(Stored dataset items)

═══

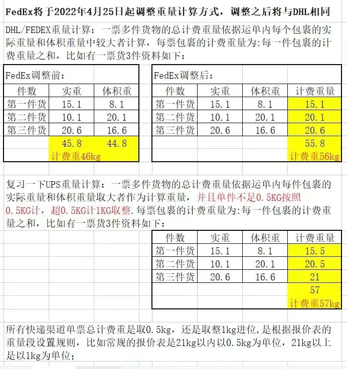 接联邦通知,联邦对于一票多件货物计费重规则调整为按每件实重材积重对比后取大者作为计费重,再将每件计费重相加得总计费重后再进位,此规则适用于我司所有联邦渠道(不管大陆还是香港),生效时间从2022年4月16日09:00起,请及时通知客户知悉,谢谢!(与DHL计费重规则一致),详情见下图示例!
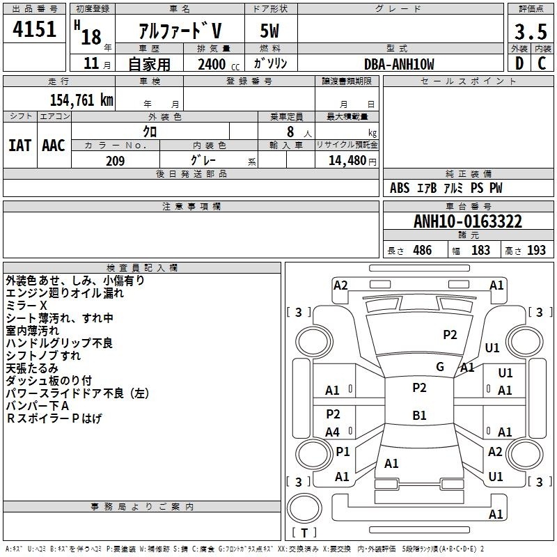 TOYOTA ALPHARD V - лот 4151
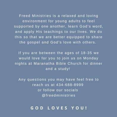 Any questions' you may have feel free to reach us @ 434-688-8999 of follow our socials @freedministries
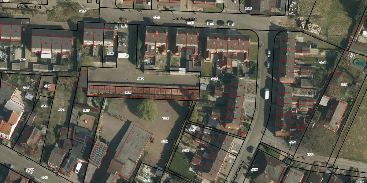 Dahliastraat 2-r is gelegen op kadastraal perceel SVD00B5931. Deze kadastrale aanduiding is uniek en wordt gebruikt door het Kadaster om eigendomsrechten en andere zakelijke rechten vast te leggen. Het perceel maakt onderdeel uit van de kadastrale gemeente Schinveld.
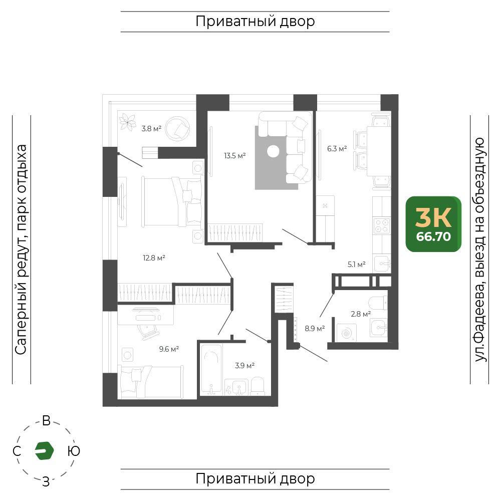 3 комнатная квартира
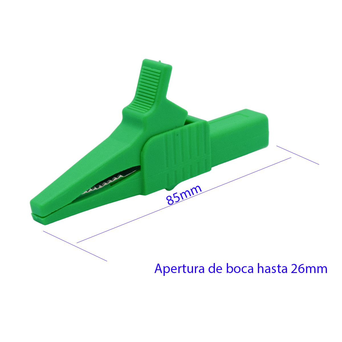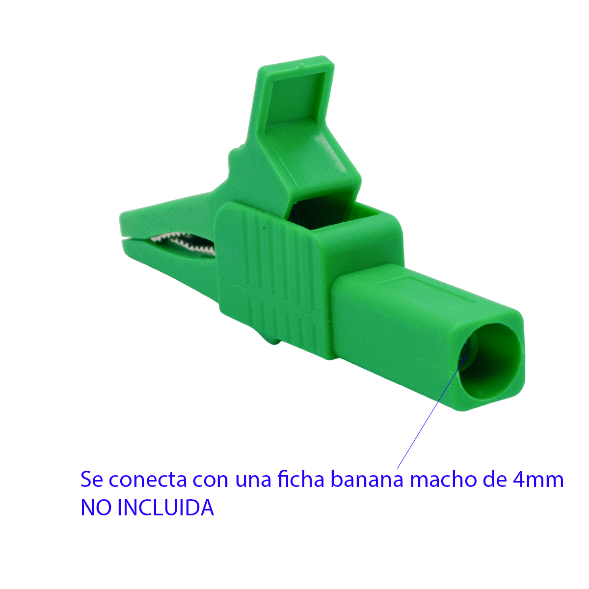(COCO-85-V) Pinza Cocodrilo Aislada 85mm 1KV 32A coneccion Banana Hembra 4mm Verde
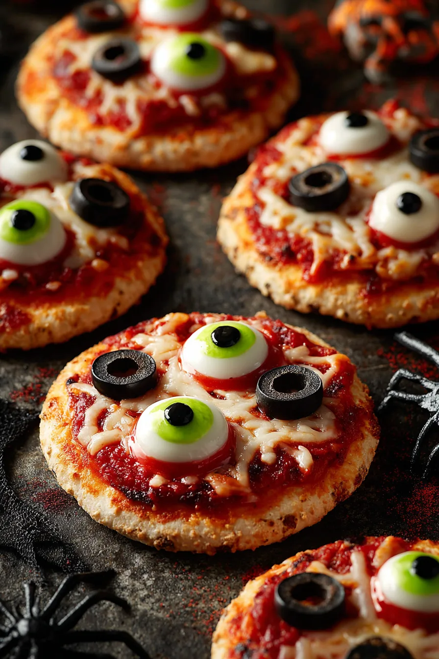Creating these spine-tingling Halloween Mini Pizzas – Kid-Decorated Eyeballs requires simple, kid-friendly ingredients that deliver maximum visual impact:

═══

◆ **PROMPT**
Only the text of the records belongs in your answer, copied exactly as it appears above.

◆ **TASK SOLUTION**
 接联邦通知,联邦对于一票多件货物计费重规则调整为按每件实重材积重对比后取大者作为计费重,再将每件计费重相加得总计费重后再进位,此规则适用于我司所有联邦渠道(不管大陆还是香港),生效时间从2022年4月16日09:00起,请及时通知客户知悉,谢谢!(与DHL计费重规则一致),详情见下图示例!
 TOYOTA ALPHARD V - лот 4151
 Any questions' you may have feel free to reach us @ 434-688-8999 of follow our socials @freedministries
 Dahliastraat 2-r is gelegen op kadastraal perceel SVD00B5931. Deze kadastrale aanduiding is uniek en wordt gebruikt door het Kadaster om eigendomsrechten en andere zakelijke rechten vast te leggen. Het perceel maakt onderdeel uit van de kadastrale gemeente Schinveld.
 3 комнатная квартира
(COCO-85-V) Pinza Cocodrilo Aislada 85mm 1KV 32A coneccion Banana Hembra 4mm Verde
Creating these spine-tingling Halloween Mini Pizzas – Kid-Decorated Eyeballs requires simple, kid-friendly ingredients that deliver maximum visual impact:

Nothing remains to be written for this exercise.